J. J. Moses

No. 86, 84, 82
- Position: Wide receiver

Personal information
- Born: September 12, 1979 (age 46) Waterloo, Iowa, U.S.
- Listed height: 5 ft 6 in (1.68 m)
- Listed weight: 175 lb (79 kg)

Career information
- High school: Waterloo East
- College: Iowa State (1997-2000)
- NFL draft: 2001: undrafted

Career history
- Kansas City Chiefs (2001)*; Green Bay Packers (2001)*; Kansas City Chiefs (2001-2002)*; Scottish Claymores (2002); Green Bay Packers (2002); Houston Texans (2003–2004); Chicago Bears (2005)*; Arizona Cardinals (2005);
- * Offseason and/or practice squad member only

Awards and highlights
- First-team All-Big 12 (2000);
- Stats at Pro Football Reference

= J. J. Moses =

American football player (born 1979)

Jerry James Moses Jr. (born September 12, 1979), better known as J. J. Moses, is an American former professional football player. He played wide receiver at Iowa State University and for the Green Bay Packers, Houston Texans, and Arizona Cardinals in the National Football League (NFL). During his career, he was listed as the shortest player in the NFL, at 5'6".

==Early life==
Moses was born in Waterloo, Iowa and attended Waterloo East High School in Waterloo, Iowa.

==College career==
After high school, Moses attended Iowa State University, where he continued his football career.
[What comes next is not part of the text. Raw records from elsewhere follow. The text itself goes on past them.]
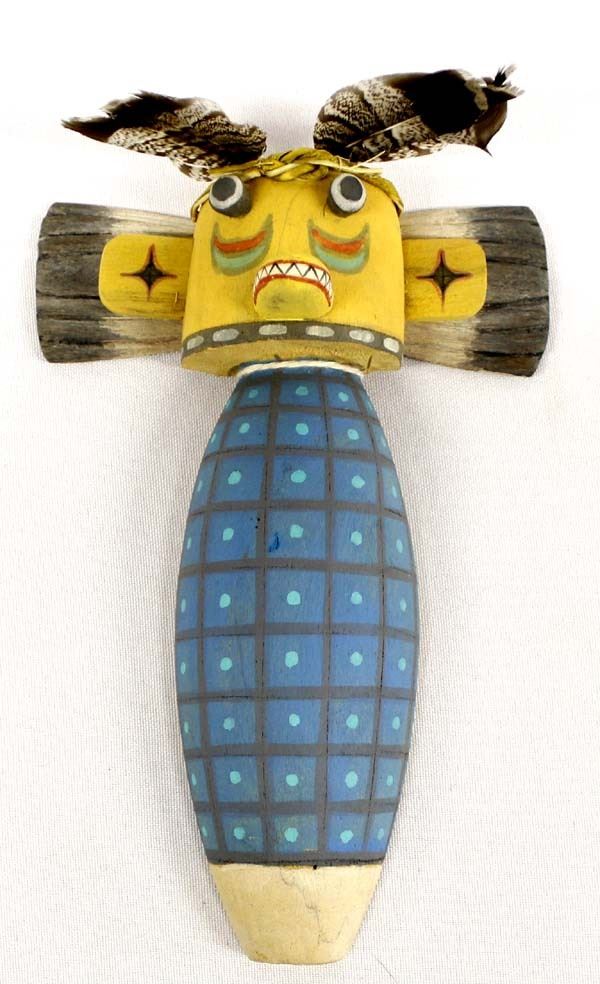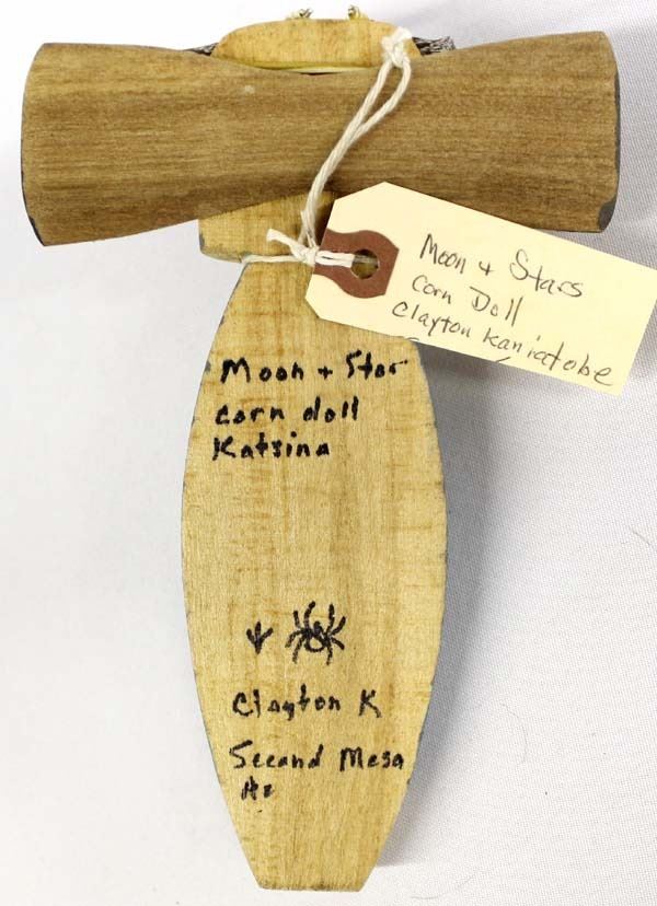 Native American Hopi Moon & Stars Corn Kachina by Clayton Kaniatobe of 2nd Mesa, measures 5.5'' x 7'', embellished with feathers and woven fiber headband, signed on back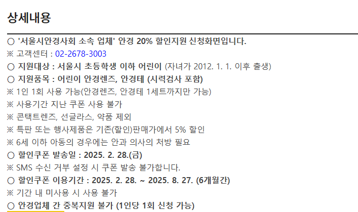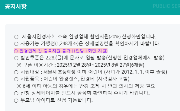 - 중복 신청 여부: 이전 지원을 받은 경우라도 올해 다시 신청할 수 있어요. 하지만 같은 안경업체에서는 중복 신청이 불가능하므로, 다른 업체를 선택해야 해요.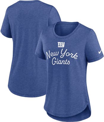 Cheer on the New York Giants in vintage style with this Script Tri-Blend T-Shirt by Nike. Its heathered fabric features the franchise name printed in cursive below the team logo. Tri-blend material creates a super-soft feel, making this New York Giants tee a go-to for game day or casual outings.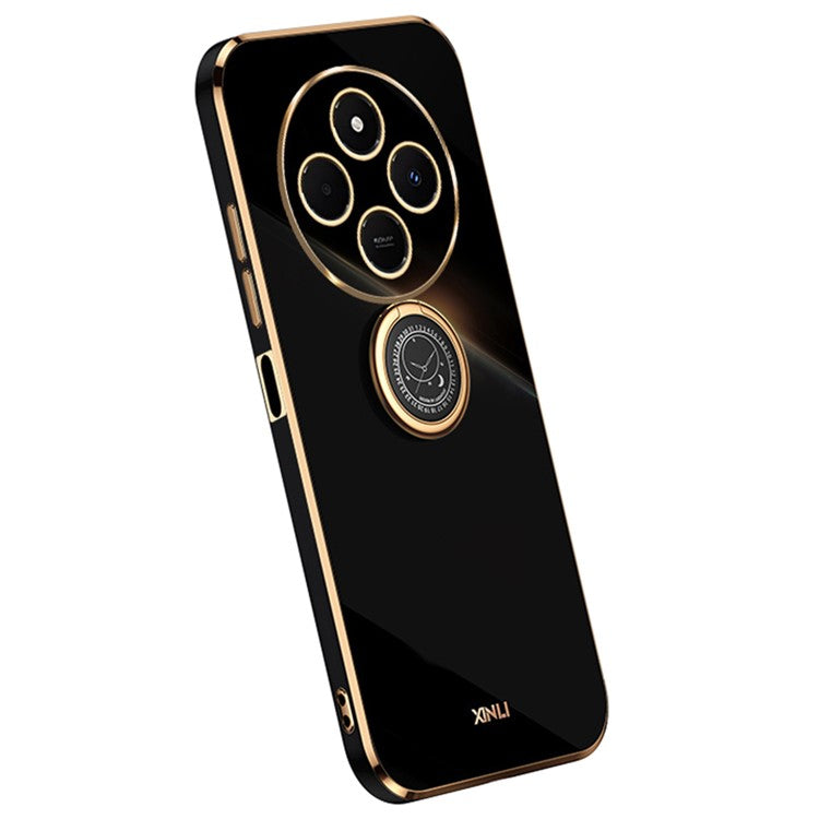XINLI For Xiaomi Poco C75 4G / Redmi 14R 5G / 14C 4G Case Ring Kickstand Electroplating TPU Phone Cover - Black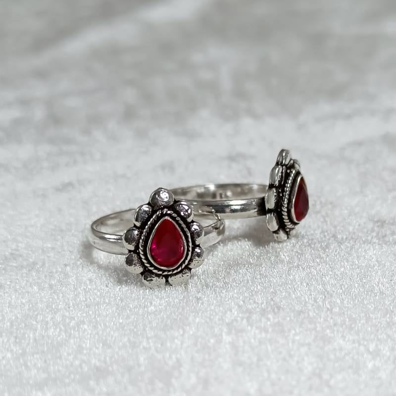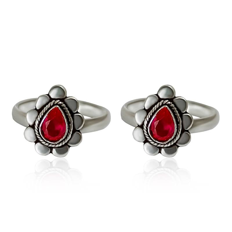 Trendy Silver Toe Rings- Red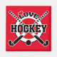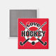 Hóquei no Amor - Tacos de hóquei cruzados e design de bola de hóquei.
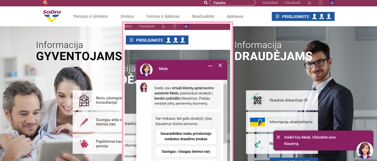 Virtuali asistentė Meda teikia informaciją apie savarankišką privalomojo sveikatos draudimo (PSD) įmokų mokėjimą bei ligos išmokas. Ji taip pat gali padėti užsiregistruoti vizitui į „Sodrą“ bei pateikti teritorinių skyrių kontaktinę informaciją. Šios temos parinktos pagal dažniausiai klientų užduodamus klausimus skambučių centro darbuotojams ir www.sodra.lt internetinės svetainės naršymo duomenis.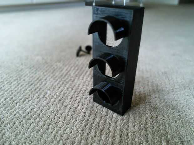 Después de que la luz se hace impresión Retire todo el material de apoyo, he encontrado que es más fácil quitar el material con pinzas por romper hacia los lados en lugar de intentar rasgar hacia fuera hacia usted. Si hay cualquier asperezas utilizan una lima o papel de lija para limpiar para arriba. Si los orificios para fijar la espalda a la luz contienen plástico, rebaje con una broca de taladro. Ahora que se ve limpia, inserte el gancho de la pared en la ranura, se requieren algunos empujando pero mantenga sólo aplicar presión hasta que se desliza a través de, una vez que ha asegurarse de que puede girar. A continuación, utilice una pistola de pegamento caliente para fijar los difusores de luz delante de los tres círculos delante de la luz. Mantenga la pistola de pegamento caliente, ahora tenemos que añadir la tornillería para sujetar la espalda en su lugar. Gire el tornillo hacia abajo añadir un punto de pegamento en el canto donde los hilos de rosca finalicen y levante el perno de dentro de la luz del semáforo para que los hilos de rosca sobresalgan de la parte de atrás y hasta que el pegamento se seca. Repita este proceso para los tres lados restantes. Poner el forro sobre la luz y fijarla con las tuercas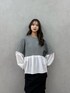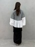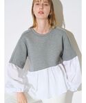 スウェットとシャツ素材の ドッキングトップス ペプラムデザインが女性らしくて可愛いっ タイトなスカート合わせは スタイルアップが叶います♡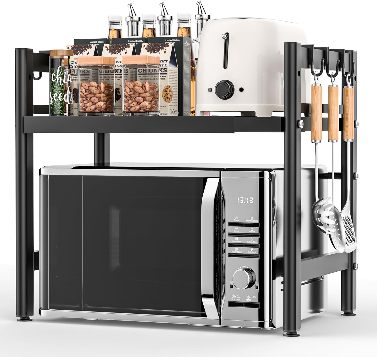 Boah, dieses Bambus-Regal ist echt die Rettung für jede unordentliche Küche! Mit zwei praktischen Ebenen und vier Haken bringst du sofort mehr System in deinen Küchenalltag. Oben stellst du bequem deine Mikrowelle ab, unten finden Gewürze, Kochutensilien oder Vorratsdosen ihren Platz. Die Haken sind perfekt für Kochlöffel, Schneebesen oder Küchentücher. Das coole Feature: Die Höhe der oberen Platte lässt sich frei anpassen - einfach um die reservierten Löcher im Seitenrahmen verschieben. So passt du das Regal optimal an deine Geräte an! Aus stabilem Bambus gefertigt, ist es nicht nur umweltfreundlich, sondern auch richtig robust. Trägt problemlos bis zu 22 kg - da kannst du ohne Bedenken auch schwere Küchengeräte unterbringen. Das offene Design sorgt für gute Belüftung und schützt gleichzeitig vor Feuchtigkeit. Montage ist übrigens kein Hexenwerk - alles Nötige liegt bei. Maße: 55x35x42 cm, obere Ebene 52 cm lang. Einfach genial, wie viel Platz du damit sparst!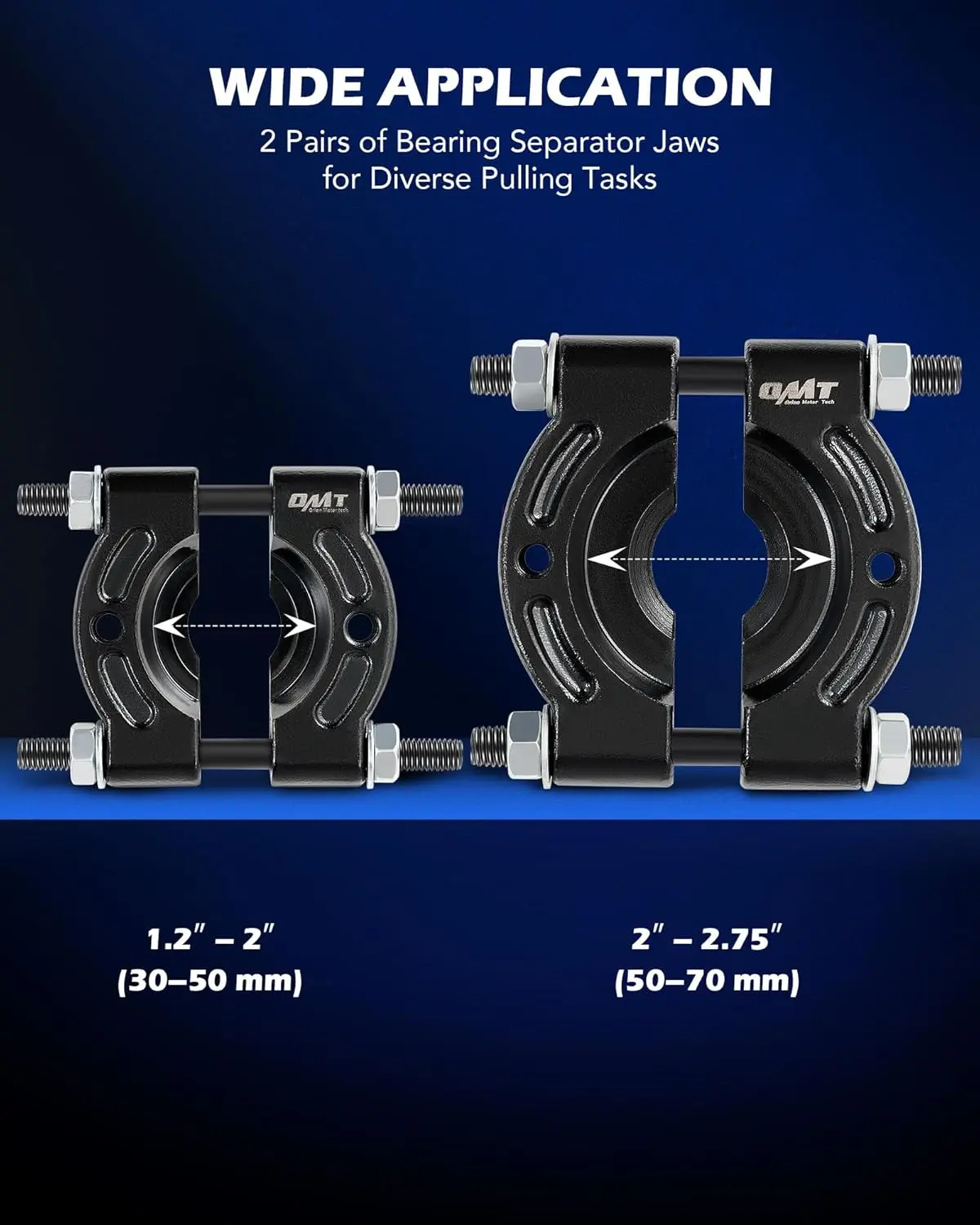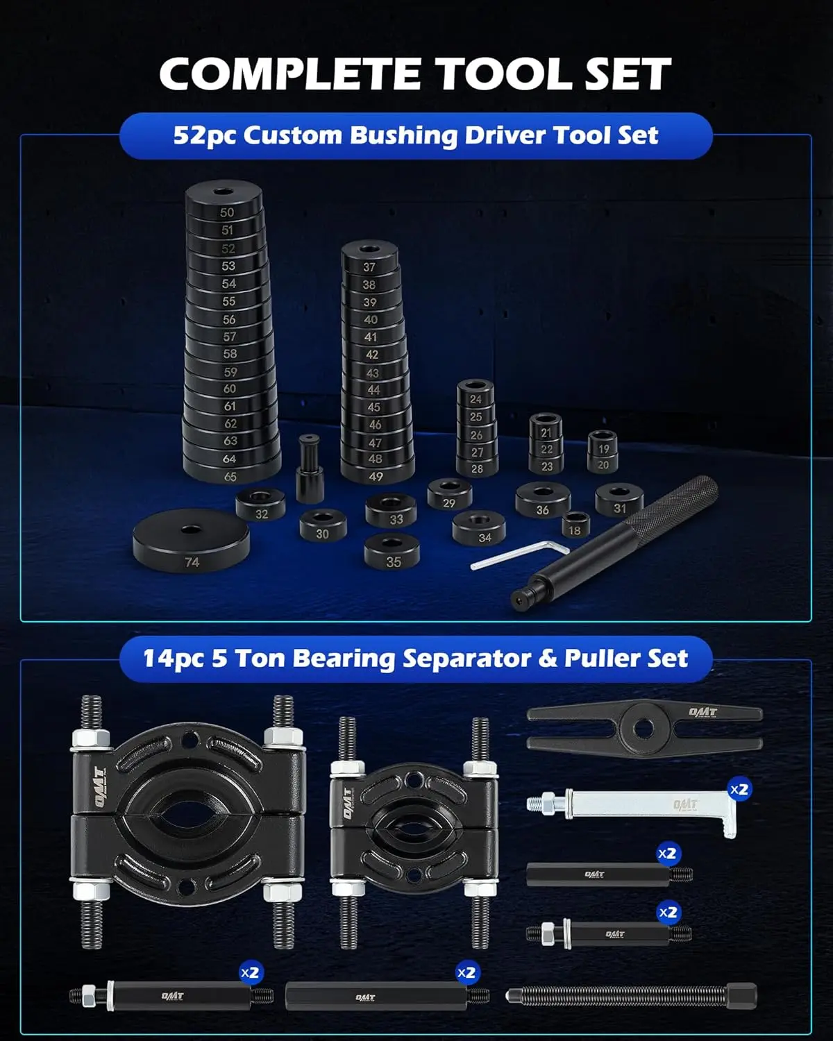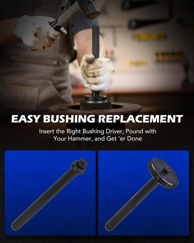 Effortlessly remove large or small bearings on most vehicles with the bearing separator, while the bushing driver tool set covers sizes from 18 to 65 mm, plus 74 mm, ensuring compatibility with most cars, ATVs, and light trucks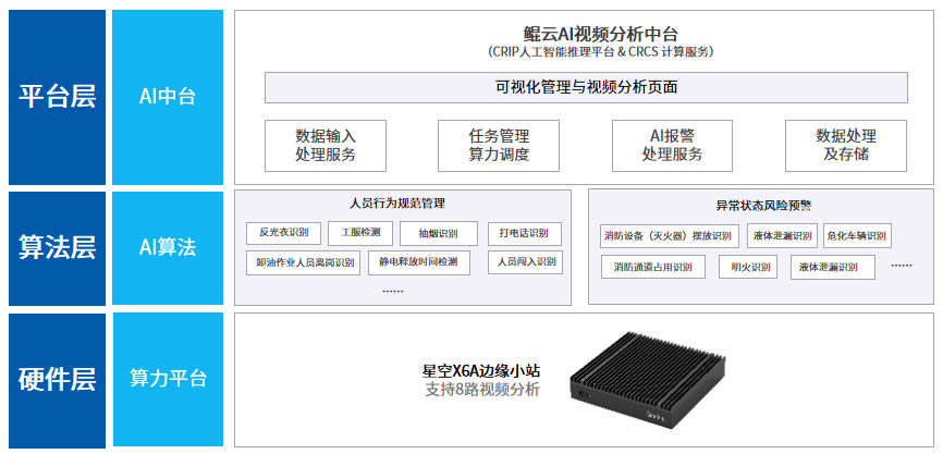 鯤云科技加油站AI智能檢測(cè)系統(tǒng),是通過1個(gè)邊緣盒子搭載7種AI算法連接加油站原有分析攝像頭,再將數(shù)據(jù)連通加油站AI分析中心,基于AI視頻分析技術(shù),打造出一套智能化加油站視頻分析系統(tǒng)??梢詫?shí)現(xiàn)對(duì)加油區(qū)和卸油區(qū)內(nèi)人員抽煙、打電話等違規(guī)行為,明火和煙霧等異常狀態(tài),卸油作業(yè)時(shí)人員離崗,滅火器未正確擺放,靜電釋放時(shí)間不足等不規(guī)范情形進(jìn)行24小時(shí)智能識(shí)別、語音報(bào)警和記錄,及時(shí)制止不安全行為。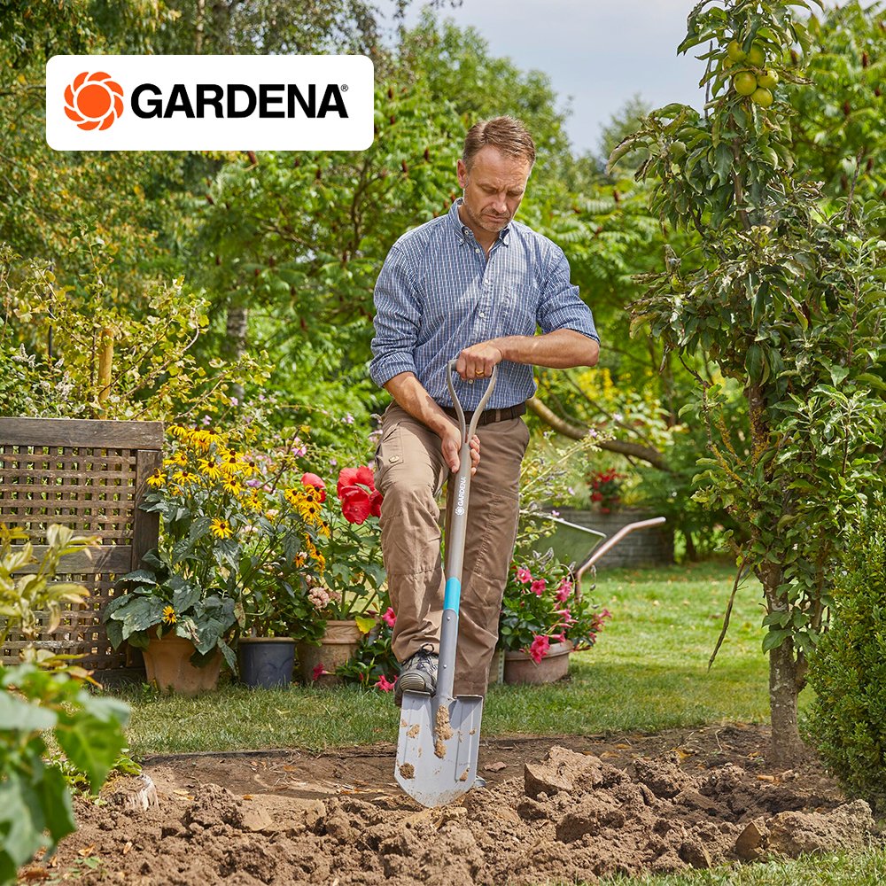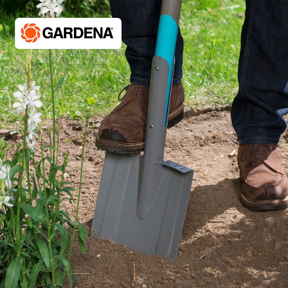 The GARDENA NatureLine Spade is a sturdy tool for digging and for lifting out, loosening and transferring soil. The shaped shaft made of high-quality ashwood (FSC® certified) with a D handle lies well in the hand and guarantees an ergonomic working posture. The sharp spade blade consists of hardened quality steel. The extra-large foot-rest with special profile guarantees a firm hold when digging into the ground, and serves the optimum transferral of force onto the spade.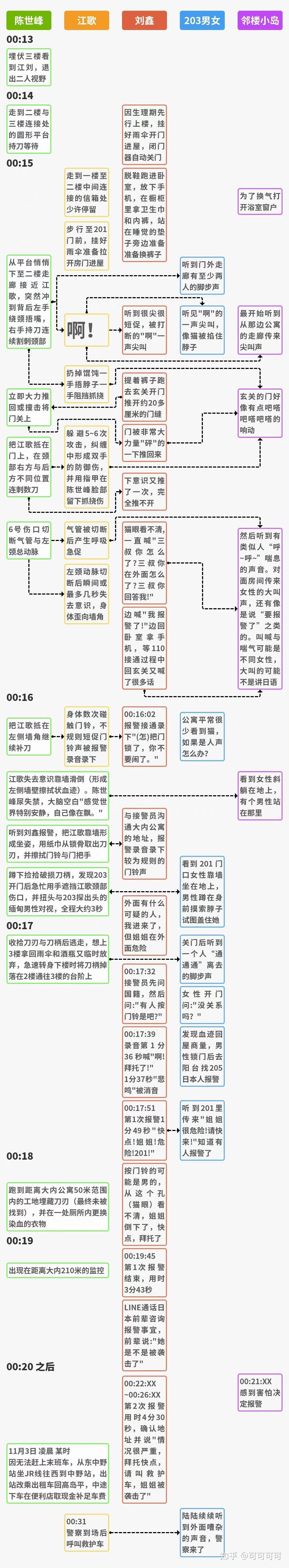 00点13分 刘、江返回住所处一楼,刘表示月事弄脏了裤子要赶紧回去换裤子(真实动机存疑),江表示让其先上去,她去查看一下信箱

He played primarily as wide receiver for the Iowa State Cyclones, as well as returning kickoffs and punts. In his senior season, Moses led the team in receiving yards and was named team MVP.

===Statistics===

|  |  |  | Receiving |  |  |  |  |  | Rushing |  |  |  |  |  |
|---|---|---|---|---|---|---|---|---|---|---|---|---|---|---|
| Year | GP | GS | Rec | Yds | Ydr | Lng | TD | Ypg | Att | Yds | Avg | Lng | TD | Ypg |
| 1997 | 5 | 0 | 0 | 0 | 0 | 0 | 0 | 0 | 15 | 52 | 3.5 | 13 | 0 | 10.4 |
| 1998 | 11 | 11 | 13 | 155 | 11.9 | 62 | 0 | 14.1 | 23 | 80 | 3.5 | 20 | 0 | 7.3 |
| 1999 | 11 | 11 | 18 | 296 | 16.4 | 28 | 2 | 26.9 | 17 | 120 | 7.1 | 29 | 1 | 10.9 |
| 2000 | 11 | 11 | 53 | 775 | 14.6 | 78 | 4 | 70.5 | 16 | 153 | 9.6 | 58 | 2 | 13.9 |
| Total | 25 | 25 | 84 | 1,226 | 14.6 | 78 | 6 | 32.3 | 71 | 405 | 5.7 | 58 | 3 | 10.7 |

==Professional career==
During his professional career, Moses primarily played as a kick returner and punt returner. He played for the Green Bay Packers, Houston Texans, and Arizona Cardinals, mostly on special teams. He also played for the Scottish Claymores of NFL Europe, where he was the #1 punt returner for the 2002 season.

===Statistics===
- Regular season

Year: Team; G; GS; Punt Return; Kick Return
Ret: RetY; Avg; Lng; TD; 20+; 40+; FC; Fum; Ret; RetY; Avg; Lng; TD; 20+; 40+; FC; Fum
2002: GB; 2; 0; 5; 12; 2.4; 8; 0; 0; 0; 0; 0; 4; 69; 17.3; 27; 0; 1; 0; 0; 0
2003: HOU; 15; 0; 36; 244; 6.8; 40; 0; 3; 0; 7; 0; 58; 1,355; 23.4; 70; 0; 38; 2; 0; 0
2004: HOU; 15; 0; 36; 309; 8.6; 27; 0; 2; 1; 13; 0; 59; 1,303; 22.1; 49; 0; 34; 4; 0; 0
2005: ARI; 2; 0; 7; 40; 5.7; 12; 0; 0; 0; 0; 0; 7; 177; 25.3; 35; 0; 5; 0; 0; 0
Total: 34; 0; 84; 605; 7.2; 40; 0; 5; 1; 20; 2; 128; 2,904; 22.7; 70; 0; 78; 6; 0; 0

Source: NFL.com

==Post-playing career==
After the end of his playing career, Moses became Director of Player Engagement with the Houston Texans. He was popular in this role, but was dismissed after the 2019 season.

==Personal life==
While playing professional football, Moses found time to volunteer as an usher at Lakewood Church in Houston under pastor Joel Osteen.